For six years, her business steadily grew as she focused on selling her vibrant collections wholesale to brick-and-mortar stores around the country. It all came to a devastating halt when the pandemic hit in March 2020.
“There was probably three months where I didn’t make a single sale,” Brown says. Not only were stores not able to sell her existing inventory, she couldn’t order new materials because factories had been shut down. Her business threatened, she had to figure out once again how to reinvent herself.
“I decided to make face masks, and that is literally what saved my business,” she says.
She used scraps and leftover raw materials from clothes that had yet to be made, sewing hundreds of masks herself. With help from social media, which Brown had never seriously invested in until last year, the colorful, patterned cloth masks became wildly popular in New York City and beyond. Her new fans clamored to purchase her clothes, so she expanded her e-commerce site and no longer focused on selling inventory to stores.

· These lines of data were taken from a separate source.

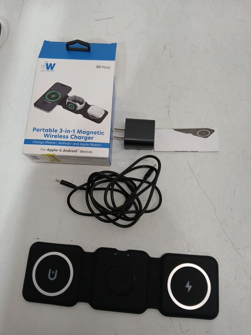 Just Wireless 3-in-1 Portable Foldable Magnetic Wireless Charger for Apple Devices, Apple Watch, and Android Devices - 20W - Black
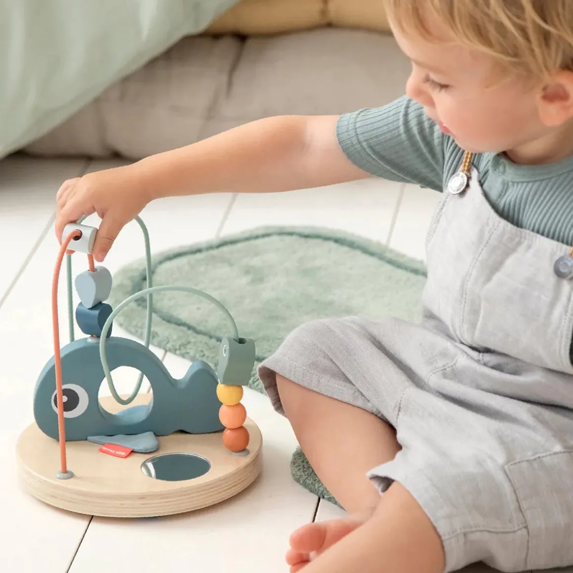 With the wooden Wally bead maze your child can practice fine motor skills and pincer grip while moving the small beads and fish from one end to the other. The whale and the sea elements inspire your child to be curious about life underwater.
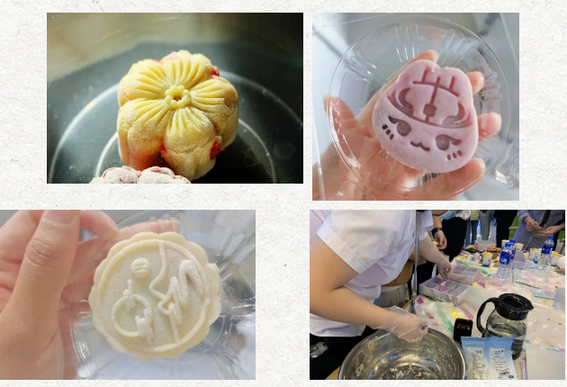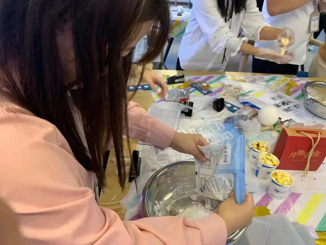 很快大家就掌握了其中要领,从制作冰皮,到包馅,最后压入模具,印上各式花色,逐渐的得心应手了起来。
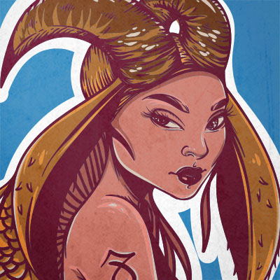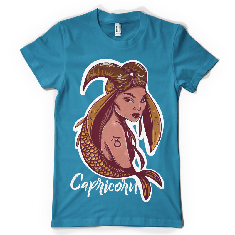Capricon- design featuring detailed portrait of a girl. This illustration was made in Ilustrator, the source file is avaible in PNG,AI,EPS,SVG format and can be used for screenprinting , digital print and tshirt design. Not editable text.
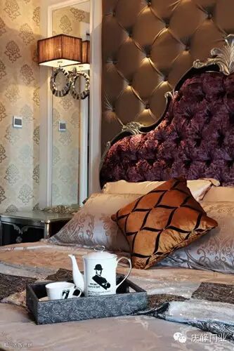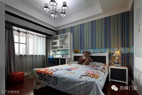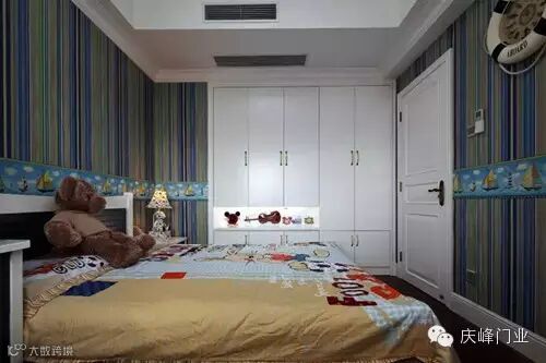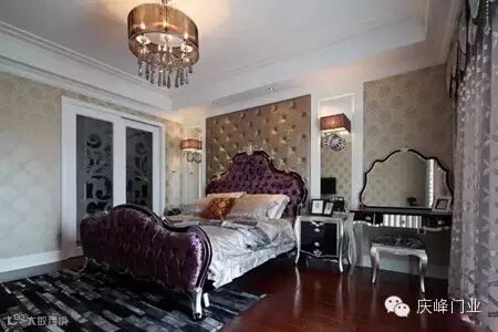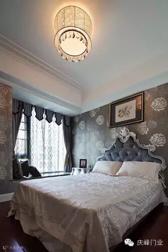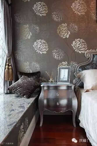 暖色带花墙纸,经典的欧式床具,纯白的衣柜。轻松敞亮的空间。
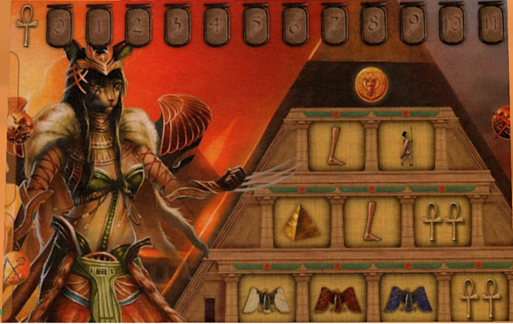 Kemet is, to put it simply, an ancient Egyptian wargame. Players play as a god and take command of a small army and seek to build power and influence by building up their pyramids and leveraging Prayers to purchase powers and creatures used to conquer the holy sites around the Nile Delta.
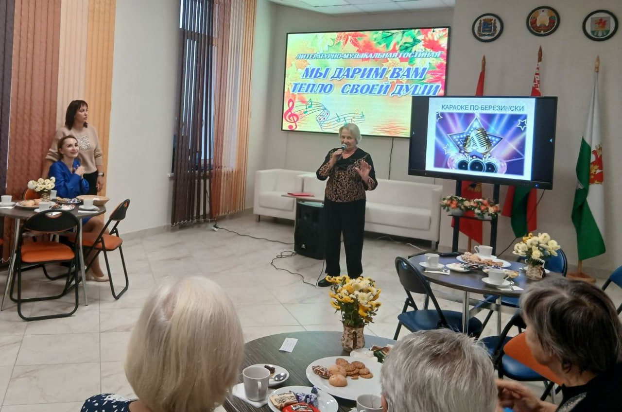В ГУК "Березинская центральная районная библиотека" прошло заседание литературно-музыкальной гостиной на тему "Мы дарим Вам тепло своей души". Приглашенные активно демонстрировали свои таланты. Наталья Васильевна Трепенок проникновенно исполнила песню «Бацькаўшчына», а Евгения Петровна Бегунович прочла любимые стихи. Самые активные смогли воплотиться в образы Маши Распутиной, Ирины Аллегровой и Надежды Кадышевой, исполнив их известные шлягеры. Особое настроение придавали музыкальные номера в исполнении солистов Косовского сельского клуба-библиотеки Галины Бобрович и Александра Антонюка. По душе всем пришлись конкурсы и караоке. Все натанцевались, напелись, пообщались от души за чашкой ароматного чая и прикоснулись к прекрасному творчеству художественных картин Любови Забаронок.
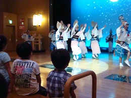 ようこそ徳島へ 福島のみなさん 「さよなら原発徳島実行委員会」が招いた福島の子どもたちと保護者の方々27名が徳島に到着しました。 初日から、阿波踊り会館で歓迎式、阿波踊りの見学、眉山ロープウエイ、夕食会と、盛りだくさんの日程でした。小さい子どもさんが多かったですが、徳島の暑さに負けず元気いっぱいでした。 阿波踊り見学と体験 現在徳島で活動している福島出身のフォークディオ「ヒルストーン」さんの歌 お母さんたちから、放射線を心配して、外遊びも思うようにさせてやれないこと、給食では地元の食材が使われていて、大丈夫と言われても心配してしまうことなど、毎日の苦労が語られました。 毎日、目に見えない放射線の心配をし、普通の生活が奪われているようすを直に聞き、あらためて、「安全だ安全だ」と言っていながら、どうしようもなく危険な状態を作り出してきた、原子力発電を推進してきた勢力に怒りが沸いてきました。 子供たちは、夕食会場でも、おもいっきり、はしゃいで、駆けて、笑顔いっぱいでした。 徳島の安全な空気の中で、せめて一週間、楽しく過ごしてリフレッシュしていただきたいです。 子どもさんたちの歓声を聞くにつけ、日本中の原発を廃炉にするため、がんばっていかなければと思いました。 ふくしまと とくしまの名重ねれば ちがいはひとつ こころはひとつ とくしまは 食も空気もだいじょうぶ はしってはしゃいで ふくしまの子ら 吉野川 みおろす眉山のロープウエイ 笑顔で手を振る ふくしまの子ら |
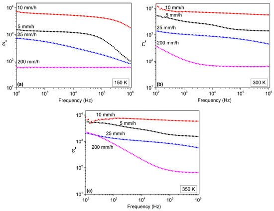 Frequency dependence of the dielectric constant, measured at (a) 150 K, (b) 300 K, and (c) 350 K, for the fibers grown at 5, 10, 25, and 200 mm/h.
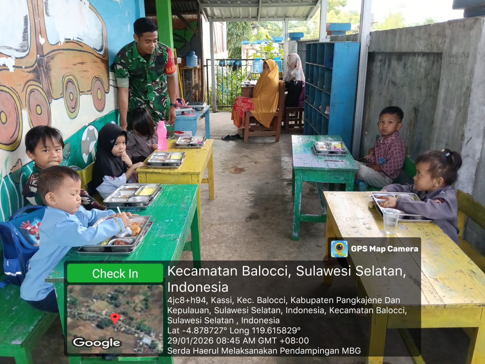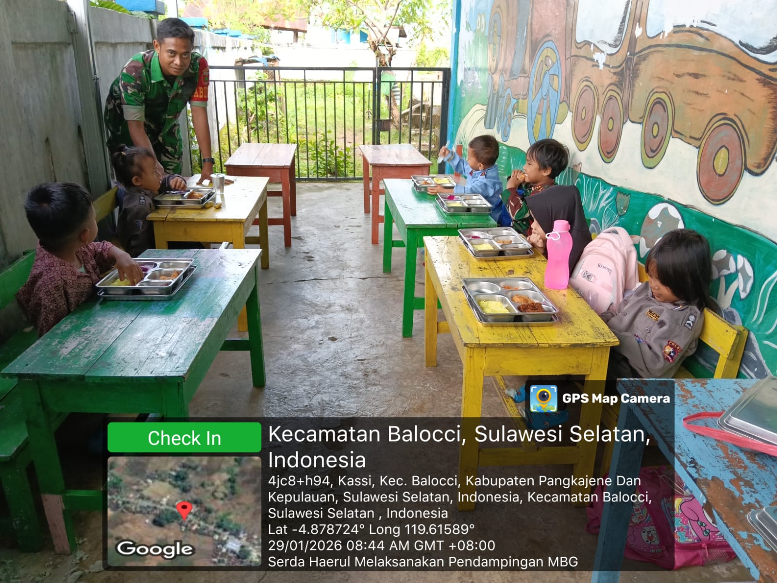 Serda Haerul selaku Babinsa Kelurahan Kassi turut melakukan pemantauan langsung selama kegiatan berlangsung, mulai dari pendistribusian makanan hingga proses konsumsi oleh para siswa-siswi. Hal ini dilakukan untuk memastikan kegiatan berjalan lancar, aman, dan sesuai dengan tujuan program MBG, yaitu meningkatkan asupan gizi serta mendukung tumbuh kembang anak sejak usia dini.

Her social following grew even more in the summer of 2020. As industries across the country grappled with the racial justice movement spurred by the protests over the death of George Floyd, Brown saw an opportunity for the first time to speak openly about her experience as a Black woman working in the fashion world.
On Instagram and other social platforms, she started to share about the many times brands pressured her to use white models in her catalogs. Or the time a store owner canceled a meeting after she arrived and realized who she was. “There’s so many excellent designers of color out here in the market who don’t get the same opportunity,” she says. “I have to prove myself way more. A brand might take a chance on an unknown designer whose work is nice, but maybe has no sales. But for me, I have to present that I’m in all these stores and I have this amount of sales. So much more is required.”
She saw more and more customers looking to support Black-owned businesses, and she was able to evolve in order to sell straight to them rather than using a brick-and-mortar store as a middleman.
“When I was forced to pivot to e-commerce last year—and when I invested heavily into digital marketing and social media—I found freedom. I found a new way to be more sustainable and to be more in alignment with my values.”
The pandemic almost caused Brown to lose her business. But it also may have helped her grow even faster. Moving forward, she plans on releasing at least two collections a year and selling them directly to the growing fans she has found online.
“I need to be more open, I need to be more vulnerable, I need to share more about my journey so that people really see what it took to get to this point and what it means to truly be self-made,” she says. “I think to be in this business for 10 years it requires so much resiliency. And for you to constantly reinvent yourself.”